Legend has it that the triumphal march of television began in the United States in the ‘fifties. But in reality its origins hark back much further. As early as the ‘thirties, a bitter rivalry raged for the world’s first television broadcast. Nazi Germany wanted to beat the competition from Great Britain and the U.S. - at all costs. Reich Broadcast Director Hadamovsky christened the new-born “Greater German Television” in March 1935. And it was only in September 1944 that the last program flickered across the TV screens. For a long time the belief persisted that only very few Nazi programs had survived, but SPIEGEL TV has now succeeded in tracking down a stock of television films and reports which have remained intact since the end of the Third Reich.

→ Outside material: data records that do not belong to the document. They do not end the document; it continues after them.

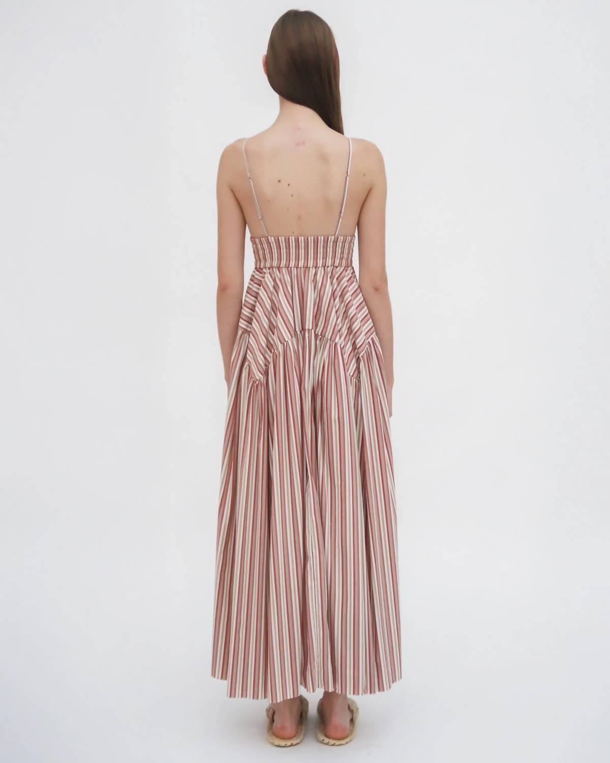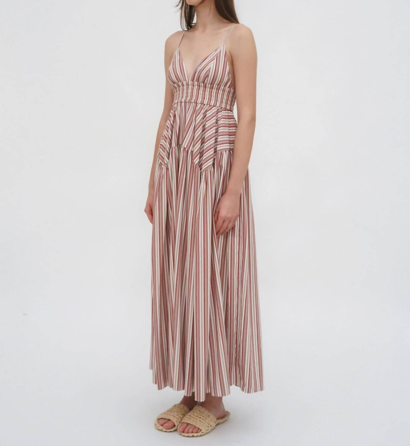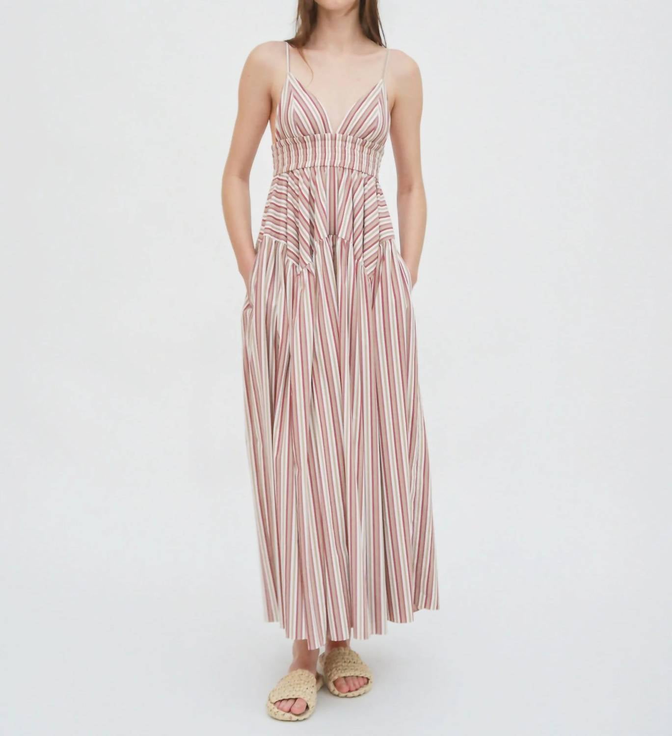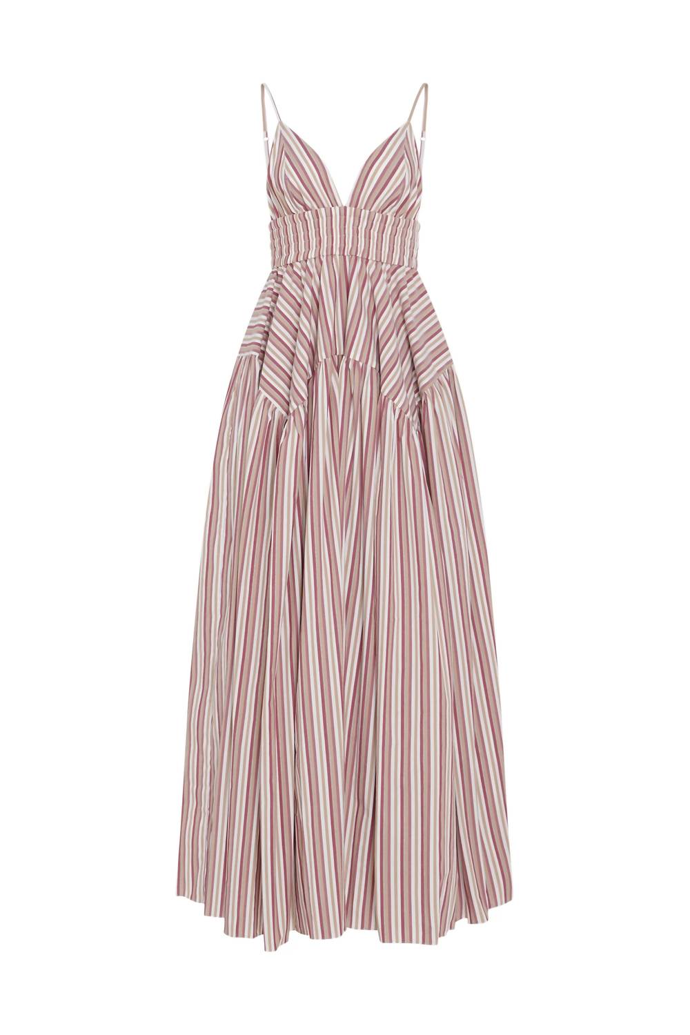 Just add slides or mules and you are good to go. Discover the Gathered Peplum Camisole Dress by Rosetta Getty, an elegant multi-striped piece for your spring wardrobe. Designed with spaghetti straps and a flattering V-neck, this midi dress features a full skirt with an ankle-length finish. Crafted from 100% Cotton Corduroy, it includes an elasticized smocked waistband for a comfortable fit. With a pull-on closure and pockets, this A-line silhouette is your go-to option for stylish ease.
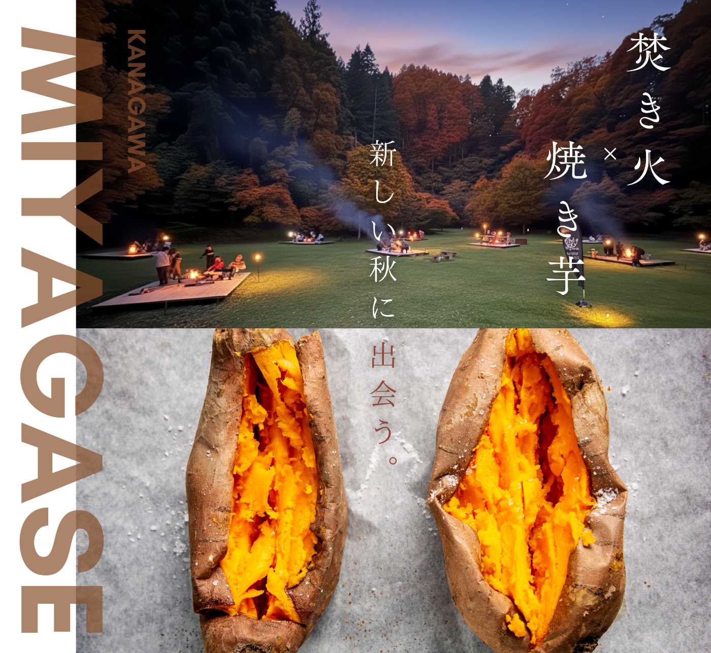 秋限定の「宮ヶ瀬焚き火ラウンジ」を10月25日に開催します。焚き火と焼き芋なんて、とても懐かしく感じられます。大自然に囲まれた宮ヶ瀬ならではのイベントです。
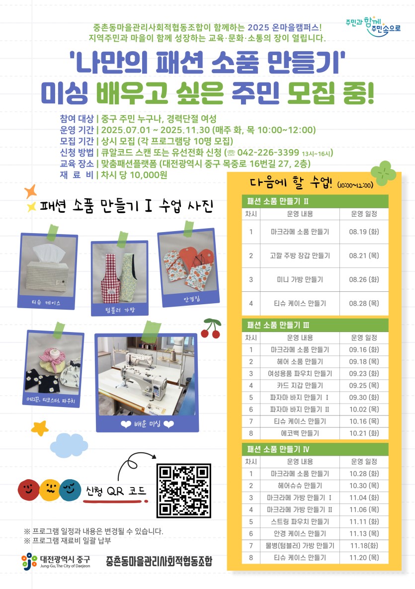 공지사항 2025 온마을캠퍼스 - 나만의 패션소품만들기 - Ⅱ
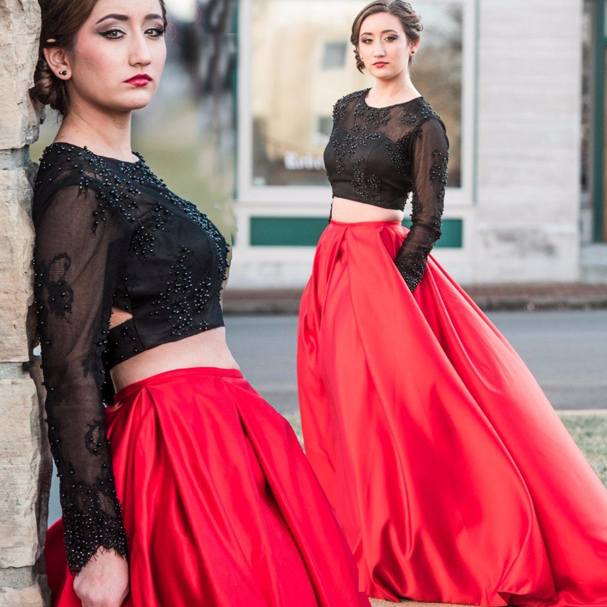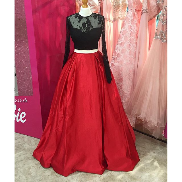 Black Long Sleeved Top Red Bottom Two Piece Prom Dress 2018
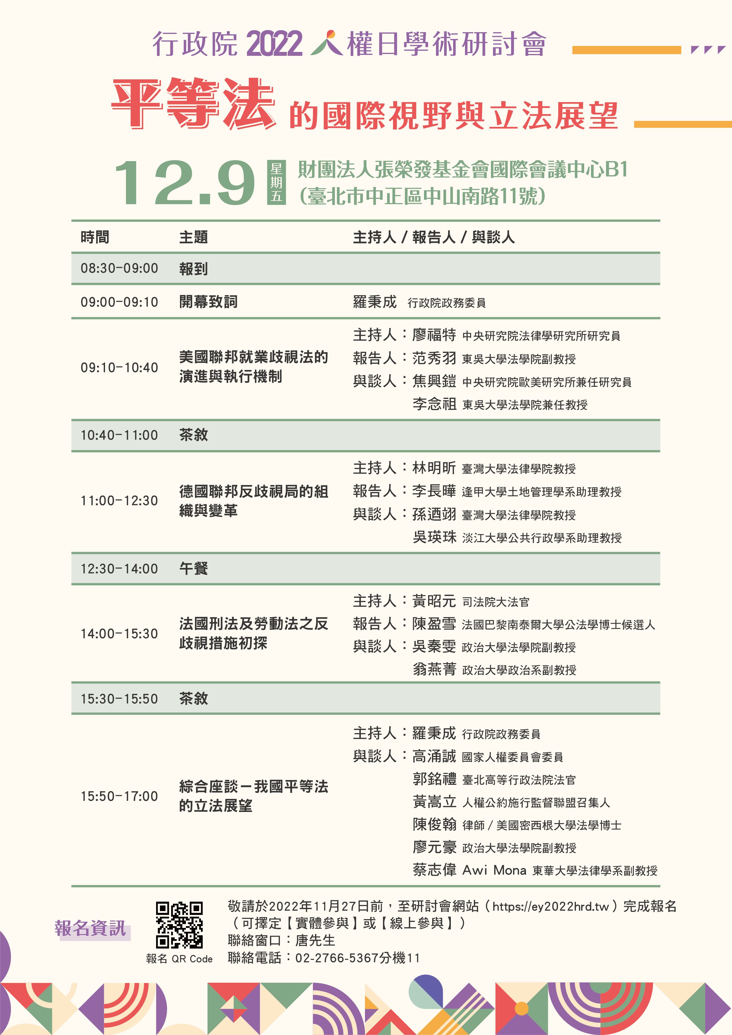 學術研討會實體會議訂於111年12月9日上午9時至下午 5時於張榮發基金會國際會議中心B1舉辦,名額有限,報名額滿為 止。
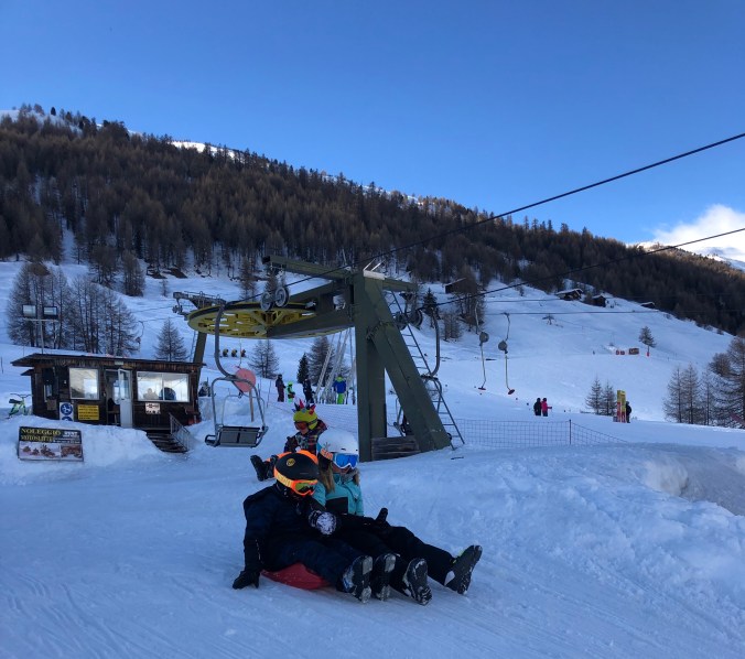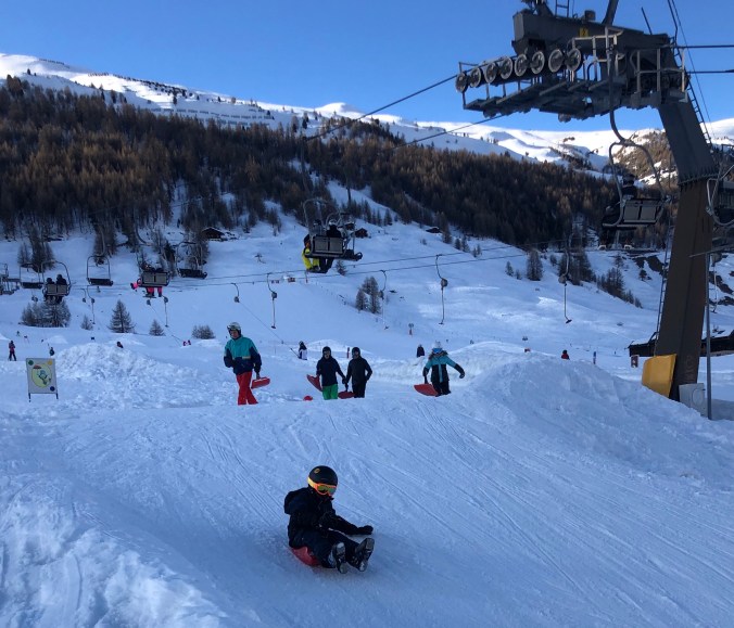 Barnen har många backar att välja på både enklare och svårare backar. För de mindre barnen som kanske inte alls åker skidor finns ett större lekområde på Carosello sidan.
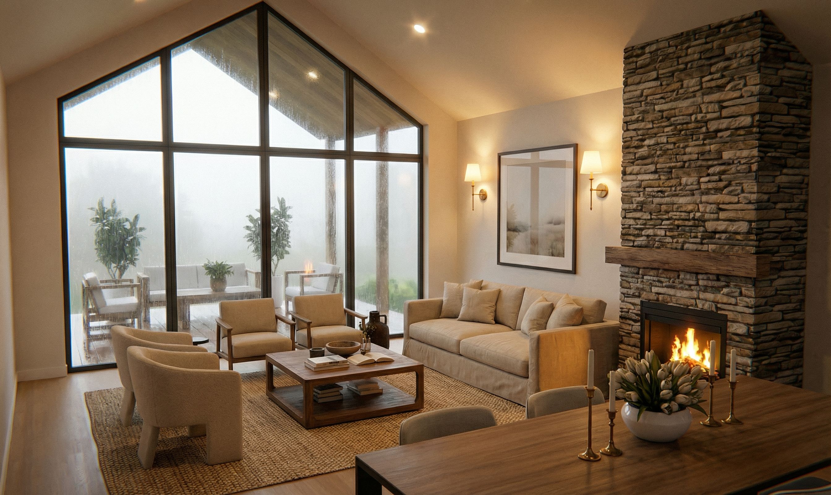 CREATE A BEAUTIFUL COZY LINEN ROOM, CHANGE THE FUREPLACE STONE TO REAL STONE, MATCH THE ART AND LIGHTS AND FURNITURE IN THE REFERENCE PHOTO, keep exact camera angle
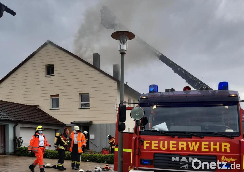 Ein weiterer Nachbar eilte, um die älteren Personen im Gebäude aufmerksam zu machen, und geleitete eine Dame nach draußen. Als drei Minuten nach Feuerwehralarm mit dem "Helfer vor Ort" die erste Einsatzkraft eintraf, drang bereits dichter Rauch aus dem Dachstuhl.
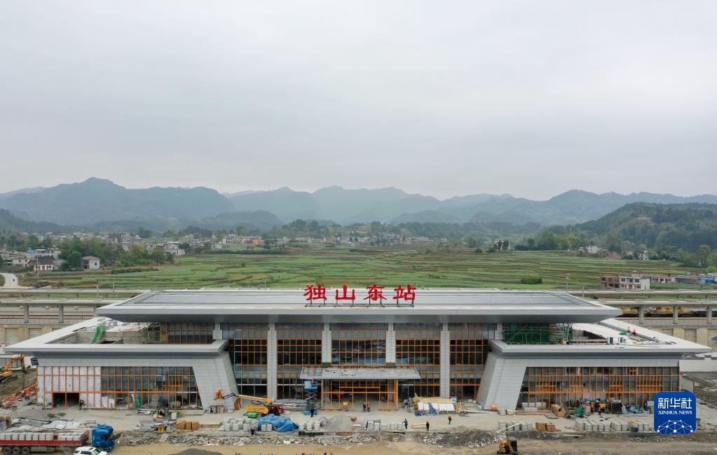 4月9日,獨山東站在緊張施工當中(無(wú)人機照片)。
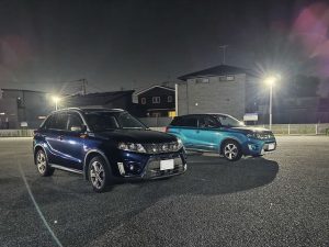 その、空と海が出逢う空間の、闇とは異なる色あいのダークブルーが、現在所有しているV6-2000ccのエスクードです。サイドパネルには、波しぶきのつもりで、見栄っ張りのグラフィックを描き、1号車のヘリー・ハンセンとのつながりを持とうと考えました。
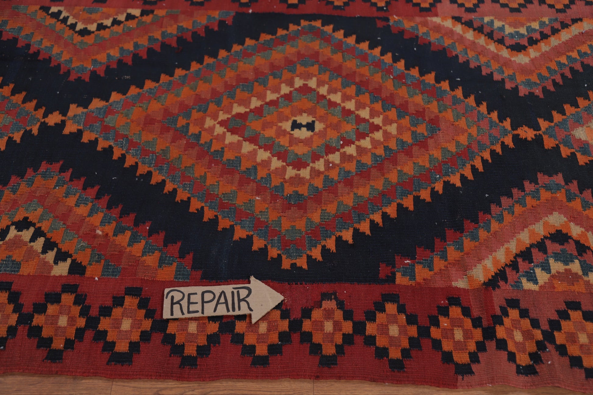 A Beautiful Genuine Persia ( Persia ) Kilim rug is Hand Woven by skillful weavers in Persia ( Persia ) with 100% Wool Material. This rug is in Very Good (Abrash-Repair) condition. dimensions are 14' 8'' X 4' 1'' in foot and 447 X 124 in centimeter. the primary color is Navy Blue & Blues.
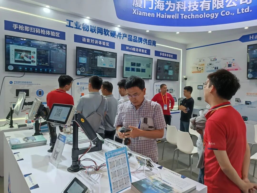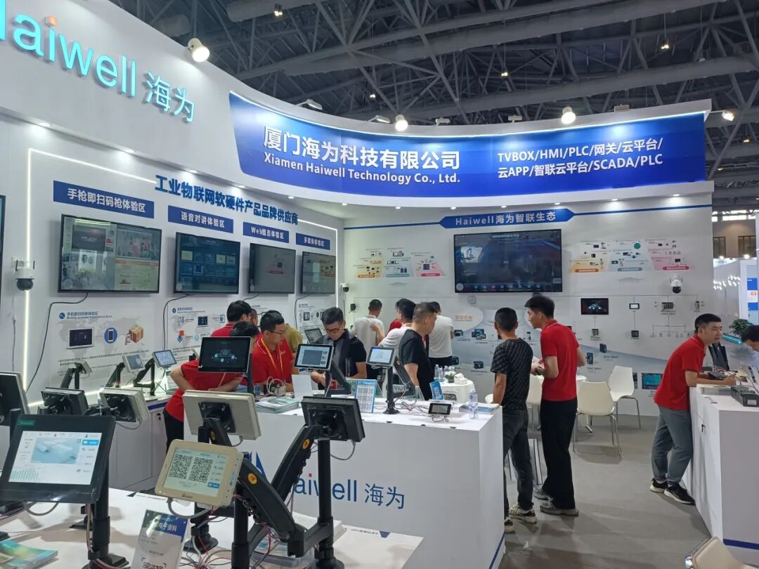 在展会上,我们展示了公司在技术创新的成果,我们的海为智联中枢(大屏控制器)TVBOX可以通过局域网/互联网对HMI、网关、SCADA、智联PLC、摄像机等画面进行集中监控,可合并多个设备或摄像头画面同时监控,还能以精美的可视化大屏展示设备、报警、视频、监控等信息,以及提供了欢迎大屏功能,有力的提升了企业形象。
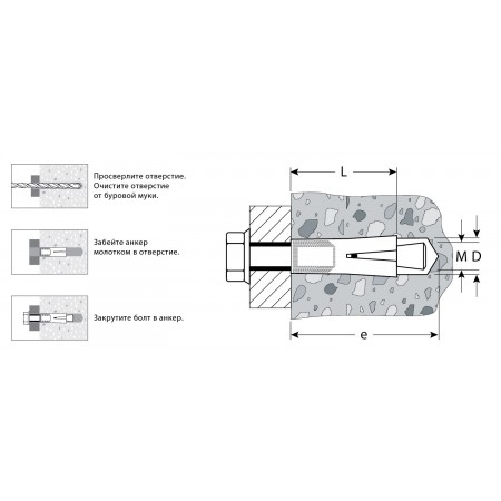 Для монтажа конструкций к полнотелым основаниям: поверхностям из бетона, полнотелого кирпича или природного камня. Анкер устанавливается в предварительно просверленное и очищенное от буровой муки отверстие и расклинивается при закручивании болта
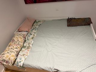 Se venden dos camas infantiles Sniglar, con las patas recortadas para colocarse debajo de la litera Kura. Perfectas para dormitorio de 3 niños. No incluye la litera Kura. - Estructura de madera. - Incluye colchones en buen estado con funda lavable - Incluye una barandilla de cama Sniglar -Están desmontadas y se pueden llevar fácilmente en un coche con el maletero extendido, la máxima longitud de un tablón es 1,60m
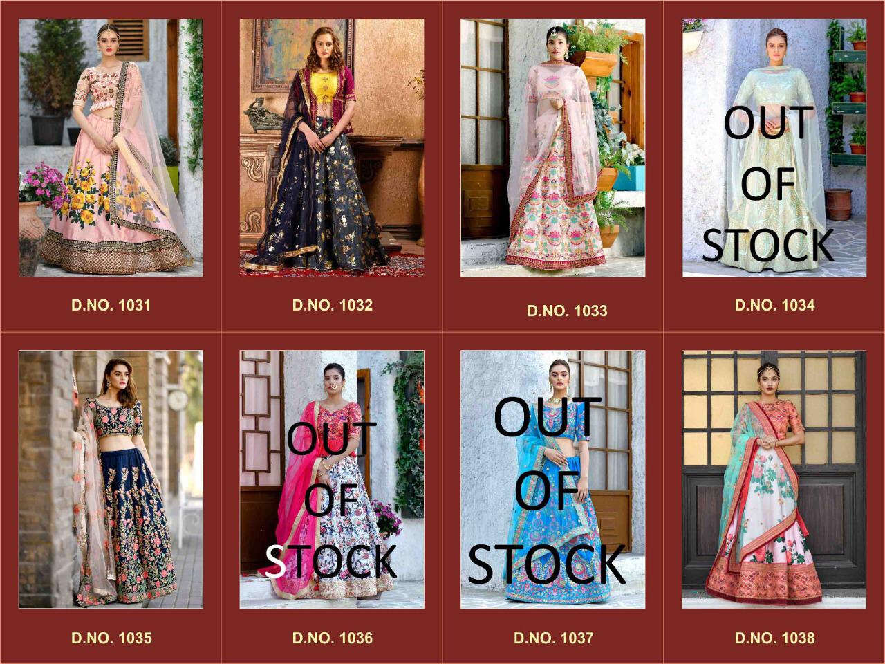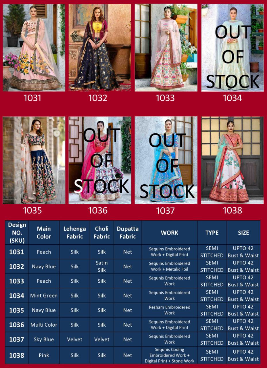 Buy Online Khushboo Series 1031 Designer Party Wear Lehngas Set And Single Wholesale Supplier Gujarat 0 Pcs of Full Catalogue at Wholesale Price. Looking for Khushboo Series 1031 Designer Party Wear Lehngas Set And Single Wholesale Supplier Gujarat Full Catalouge at Best Price? Buy Now Khushboo Series 1031 Designer Party Wear Lehngas Set And Single Wholesale Supplier Gujarat at Wholesale Rate of Rs 0 with Total 0 Pcs from authroized dealer and supplier of BRAND'S Brand. Cost of Each piece is just only Rs 0 which is very low and affordable price to resale the product in your retail store ,This is Surat based Wholesale Supplier & Dealer of BRAND'S Brand. Click on Brand name to Know more about BRAND'S Brand's products.Call or Whatsapp on 9898838984 for booking or enquiry
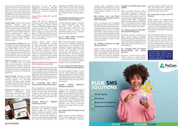 Each of these pillars reflects not only the strategies of PE and VC firms but also the unique realities of African markets. By adopting these principles, African executives and business owners can harness the full potential of private equity and venture capital, driving growth and fostering resilience in today’ s competitive landscape.

These include extensive coverage of the 1936 National Socialist Party Convention in Nuremberg which recalls today’s live broadcasts, and of a 1937 visit Benito Mussolini paid to Berlin. Interviews with high-ranking Nazis such as Albert Speer, Robert Ley and the actor Heinrich George are among the finds, along with numerous special reports (i.e. on the Reich Labor Service), a cooking show and the lottery drawing. Television anchorwomen greet their tiny audiences in specially installed television parlors in Berlin, Munich and Hamburg with “Heil Hitler.” The entertainment programs are particularly curious. Cabaret artists are featured - alongside singers extolling the virtues of the “brown columns of the SA and SS.” This documentary by Michael Kloft will reveal a rare and intriguing view of the Third Reich, one far removed from the propagandistic presentations of Leni Riefenstahl & Co. and the weekly cinema newsreel, yet no less ideologically slanted. This is Nazi Germany expressed in an aesthetic medium that we ourselves have only really known since the ‘fifties.

Check out the hottie/haughty blonde Aryan newsreaders! And don’t you love the way the Nazis elites show the little people how they should think and live their lives!?? Looks like the Nazis beat Rupert Murdoch to the punch on the FOX News formula he and Roger Ailes later perfected….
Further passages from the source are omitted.